We also designed our code to reproduce experimental results of PPMTF (alpha=200) in FS (Figure 10 (right) "PPMTF" in our paper) by downloading the Foursquare dataset and running our code. Note that it takes a lot of time (e.g., it may take more than one day depending on the running environment) to run our code. See Usage (4)(5) for details.

Directory Structure

  • cpp/  C++ codes (put the required files under this directory; see cpp/README.md).
  • data/  Output data (obtained by running codes).
    • PF/  Output data in PF (SNS-based people flow data).
    • PF_dataset/  Place PF (SNS-based people flow data) in this directory (currently empty).
    • FS/  Output data in FS (Foursquare dataset).
    • FS_dataset/  Place FS (Foursquare dataset) in this directory (currently empty).
  • python/  Python codes.
  • results/  Experimental results.
    • PF/  Experimental results in PF (SNS-based people flow data).
    • FS/  Experimental results in FS (Foursquare dataset).
  • docker-compose.yml  docker-compose.yml file.
  • Dockerfile  Dockerfile.
  • LICENSE.txt  MIT license.
  • NOTICE.txt  Copyright information.
  • OtherSynthesizers.md  Usage of other synthesizers.
  • README.md  This file.
  • run_PPMTF_PF.sh  Shell script to synthesize traces in PF using PPMTF.

Running Our Code Using Docker Files

You can easily build and run our code using Docker files as follows.

  1. Install docker & docker-compose.

  2. Clone this repository.

$ git clone https://github.com/PPMTF/PPMTF
  1. Build a docker image.
$ cd PPMTF
$ docker-compose up -d --build
  1. Attach to the docker container.
$ docker-compose exec ppmtf bash

PPMTF repository is cloned in /opt folder. Files can be shared between a host system and the docker container by putting the files in /share folder.

  1. Run our code (NOTE: it may take one hour or so depending on the running environment).
$ cd opt/PPMTF/
$ chmod +x run_PPMTF_PF.sh
$ ./run_PPMTF_PF.sh

Then experimental results of PPMTF (alpha=200) in PF will be output in "data/PF/utilpriv_PPMTF_TK.csv".

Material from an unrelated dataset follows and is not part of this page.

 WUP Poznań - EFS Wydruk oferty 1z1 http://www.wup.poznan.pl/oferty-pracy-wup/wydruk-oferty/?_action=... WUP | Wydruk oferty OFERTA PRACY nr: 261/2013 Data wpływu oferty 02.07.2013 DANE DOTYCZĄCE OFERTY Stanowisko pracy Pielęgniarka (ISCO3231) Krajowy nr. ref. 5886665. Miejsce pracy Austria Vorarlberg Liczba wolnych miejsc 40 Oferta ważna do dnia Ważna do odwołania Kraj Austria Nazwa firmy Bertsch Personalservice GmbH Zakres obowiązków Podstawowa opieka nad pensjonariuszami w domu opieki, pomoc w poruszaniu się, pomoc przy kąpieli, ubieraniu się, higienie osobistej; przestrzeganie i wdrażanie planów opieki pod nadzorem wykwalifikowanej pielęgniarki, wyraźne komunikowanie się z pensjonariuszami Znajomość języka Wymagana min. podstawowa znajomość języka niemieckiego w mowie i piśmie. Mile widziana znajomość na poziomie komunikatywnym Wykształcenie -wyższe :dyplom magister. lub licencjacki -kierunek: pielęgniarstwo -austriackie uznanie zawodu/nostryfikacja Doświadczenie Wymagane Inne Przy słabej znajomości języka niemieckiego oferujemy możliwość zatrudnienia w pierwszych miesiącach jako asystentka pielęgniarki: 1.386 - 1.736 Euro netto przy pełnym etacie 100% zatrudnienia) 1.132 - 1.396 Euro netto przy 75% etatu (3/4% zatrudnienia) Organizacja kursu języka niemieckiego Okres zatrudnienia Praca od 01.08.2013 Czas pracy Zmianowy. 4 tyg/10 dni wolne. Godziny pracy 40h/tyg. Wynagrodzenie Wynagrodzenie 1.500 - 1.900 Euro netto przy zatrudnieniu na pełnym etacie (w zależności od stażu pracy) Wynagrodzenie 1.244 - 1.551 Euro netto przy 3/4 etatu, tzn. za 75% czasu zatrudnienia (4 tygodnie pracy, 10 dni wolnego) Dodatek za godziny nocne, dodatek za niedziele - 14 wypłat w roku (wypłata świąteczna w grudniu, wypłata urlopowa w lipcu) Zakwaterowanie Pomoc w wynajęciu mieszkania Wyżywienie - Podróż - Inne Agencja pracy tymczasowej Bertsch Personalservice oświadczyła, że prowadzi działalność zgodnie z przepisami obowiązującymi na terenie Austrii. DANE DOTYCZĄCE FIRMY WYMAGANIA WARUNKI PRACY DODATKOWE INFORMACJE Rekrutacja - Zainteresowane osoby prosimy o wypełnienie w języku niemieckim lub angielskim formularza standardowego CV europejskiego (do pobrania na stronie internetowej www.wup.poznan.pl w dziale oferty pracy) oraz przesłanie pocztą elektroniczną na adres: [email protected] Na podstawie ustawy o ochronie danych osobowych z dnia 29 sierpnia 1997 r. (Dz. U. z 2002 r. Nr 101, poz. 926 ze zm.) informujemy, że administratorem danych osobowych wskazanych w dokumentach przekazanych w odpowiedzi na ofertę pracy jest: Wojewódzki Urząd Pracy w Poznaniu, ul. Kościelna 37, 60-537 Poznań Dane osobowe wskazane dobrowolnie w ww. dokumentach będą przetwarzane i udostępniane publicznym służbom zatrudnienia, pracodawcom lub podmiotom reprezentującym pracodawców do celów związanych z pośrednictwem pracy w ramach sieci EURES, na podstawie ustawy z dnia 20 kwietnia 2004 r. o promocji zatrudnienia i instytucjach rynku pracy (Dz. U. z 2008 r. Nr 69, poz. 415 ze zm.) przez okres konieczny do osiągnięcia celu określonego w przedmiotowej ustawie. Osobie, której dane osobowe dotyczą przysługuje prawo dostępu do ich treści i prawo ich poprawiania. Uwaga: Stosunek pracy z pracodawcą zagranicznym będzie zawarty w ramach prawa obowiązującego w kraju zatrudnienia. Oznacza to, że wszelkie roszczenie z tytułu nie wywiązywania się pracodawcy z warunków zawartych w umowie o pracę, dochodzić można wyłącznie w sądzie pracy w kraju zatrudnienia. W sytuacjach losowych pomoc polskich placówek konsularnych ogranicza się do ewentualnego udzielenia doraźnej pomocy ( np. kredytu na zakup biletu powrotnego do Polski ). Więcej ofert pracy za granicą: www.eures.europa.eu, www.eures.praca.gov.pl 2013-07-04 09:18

We plotted Figure 7 "PPMTF" in our paper using this file, while changing the alpha parameter from 0.5 to 1000. To see the figure, see "results/PF/utilpriv.xlsx". To change the alpha parameter, see Usage (3).

Usage

Below we describe how to build and run our code in details. Note that (1) and (3) can be done using Docker files (see Running Our Code Using Dockerfiles for details).

(1) Install

Install Eigen 3.3.7, Generalized Constant Expression Math, and StatsLib (see cpp/README.md).

Install PPMTF (C++) as follows.

$ cd cpp/
$ make
$ cd ../

(2) Download and preprocess PF

Download the SNS-based people flow data and place the dataset in data/PF_dataset/.

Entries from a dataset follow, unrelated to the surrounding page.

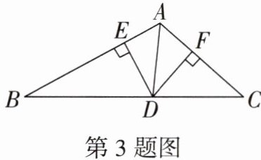 3. (黑白卷改编)如图,在△ABC中,AD是∠BAC的平分线,DE⊥AB于点E,DF⊥AC于点F,S_{△ABD}= 45,DF= 6,则AB的长为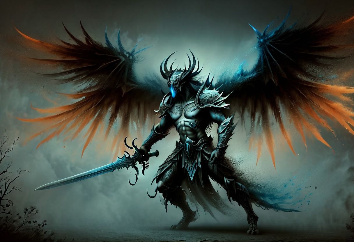 masterpiece, ASCII, intricate, maximum resolution, hyper detailed, Mirage, fog, white armor with orange and blue details, hellgate london themed, angelical, sanguinius, orc, force huge wide wings, glowing wings, energy wings, holding sword, orc king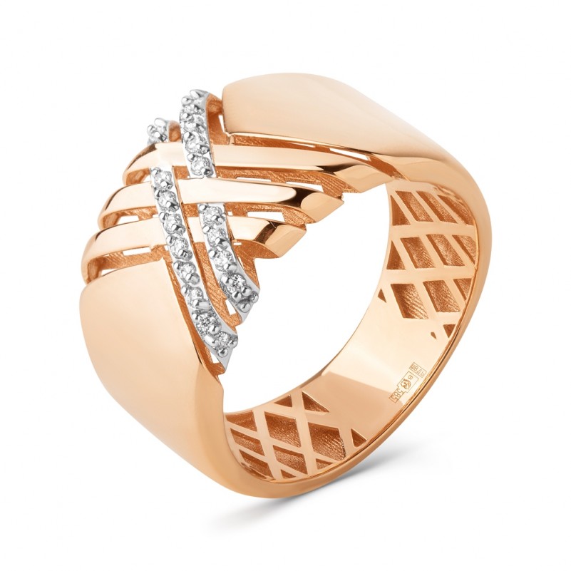 Купить кольцо золото 585 фианит. Кольцо из красного золота с выразительной многослойной композицией — это украшение с ярким характером и современной эстетикой. Переплетение гладких золотых линий создаёт ощущение движения и глубины, формируя сложную, архитектурную форму.

Run the following commands.

$ cd python/
$ python3 Read_PF.py data/PF_dataset TK
$ cd ../

Then the POI file (POI_TK.csv) and the trace file (traces_TK.csv) are output in data/PF/.

(3) Synthesizing traces in PF using PPMTF

Run the following commands.

$ cd python/
$ python3 MakeTrainTestData_PF.py TK
$ python3 MakeTrainTensor.py PF TK
$ cd ../cpp/
$ ./PPMTF PF TK 200
(To change the alpha paramter from 200 to [alpha], run "./PPMTF PF TK [alpha]".)
$ ./SynData_PPMTF PF TK 10 200
(To change the alpha paramter from 200 to [alpha], run "./SynData_PPMTF PF TK 10 [alpha]".)
$ cd ../

Then synthesize traces (syntraces_Itr100.csv) in PF will be generated in data/PF/PPMTF_TK_alp200_mnt100_mnv100/.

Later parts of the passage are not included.